Go Runtime GMP — Senior Level¶

Table of Contents¶

Introduction
Scheduler as a Capacity Constraint
Fairness and Tail Latency
Pinning Goroutines and OS Threads
Cgo and the Scheduler
Containers, Kubernetes, and GOMAXPROCS
NUMA Awareness (or Lack Thereof)
Isolation Strategies
Designing Services with the Scheduler in Mind
Common Misuses of Scheduler Knobs
Operational Concerns
Self-Assessment
Summary

Introduction¶

At senior level the scheduler is a system-design constraint, not a curiosity. Decisions about GOMAXPROCS, thread pinning, Cgo, and runtime tuning have observable consequences: latency tails, throughput ceilings, container behaviour under bursts, NUMA-induced slowness. The senior view weighs these trade-offs, designs around them, and tunes only with measurement.

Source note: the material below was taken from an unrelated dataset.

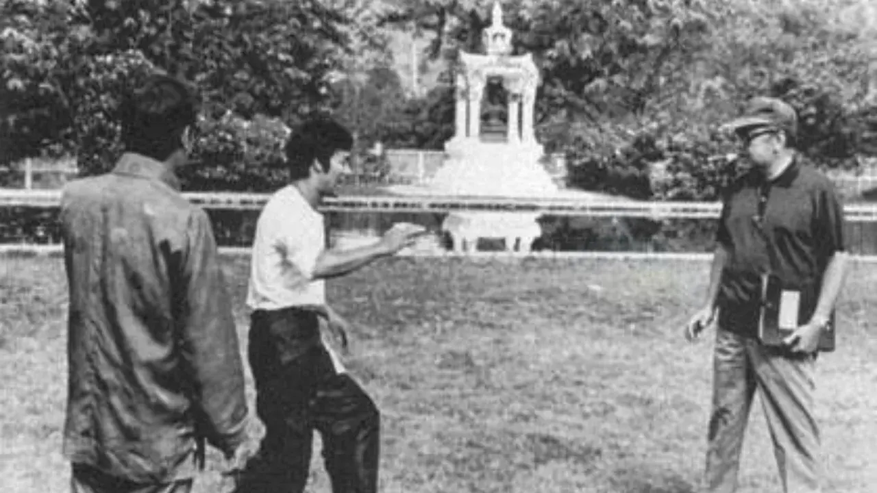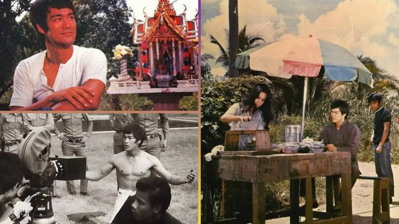 ภาพเบื้องหลัง: ปรากฏภาพบรูซ ลี ในขณะพักกองถ่าย ซึ่งแสดงให้เห็นบรรยากาศการทำงานร่วมกับทีมงานและนักแสดงสมทบที่แต่งกายในชุดตำรวจไทยยุคเก่า

This file collects the operational and architectural wisdom accumulated by people who have run Go in production at scale. It does not dive into runtime internals (that is professional.md); it stays at the system-design altitude.

After this you will:

Reason about scheduler-induced latency in your services.
Make informed decisions about container CPU quota and GOMAXPROCS.
Understand when Cgo interacts with the scheduler poorly.
Recognise NUMA effects and decide whether to address them.
Distinguish operational knobs that help from ones that hide problems.
Design services that cooperate with the scheduler rather than fight it.

Scheduler as a Capacity Constraint¶

Every Go service has a finite capacity. Some of it is CPU (GOMAXPROCS cores). Some is memory, FD count, downstream throughput. The scheduler is the gatekeeper that allocates the CPU portion.

Two truths to internalise:

The scheduler is roughly fair, not strict. Goroutines get CPU time in roughly equal portions over the long run, but there are no priority levels and no SLA on individual scheduling latency.
The scheduler has its own overhead. At very high goroutine counts (millions runnable), scheduling itself consumes CPU. The practical ceiling is around a million runnable goroutines; well-tuned services typically run far below.

CPU partitioning¶

If your service runs on a 16-core host and you want it to use only 8 cores (leaving 8 for other tenants), set GOMAXPROCS=8. The scheduler will use only 8 P's. The OS may still schedule those 8 P's onto any of the 16 cores — that is the OS's job.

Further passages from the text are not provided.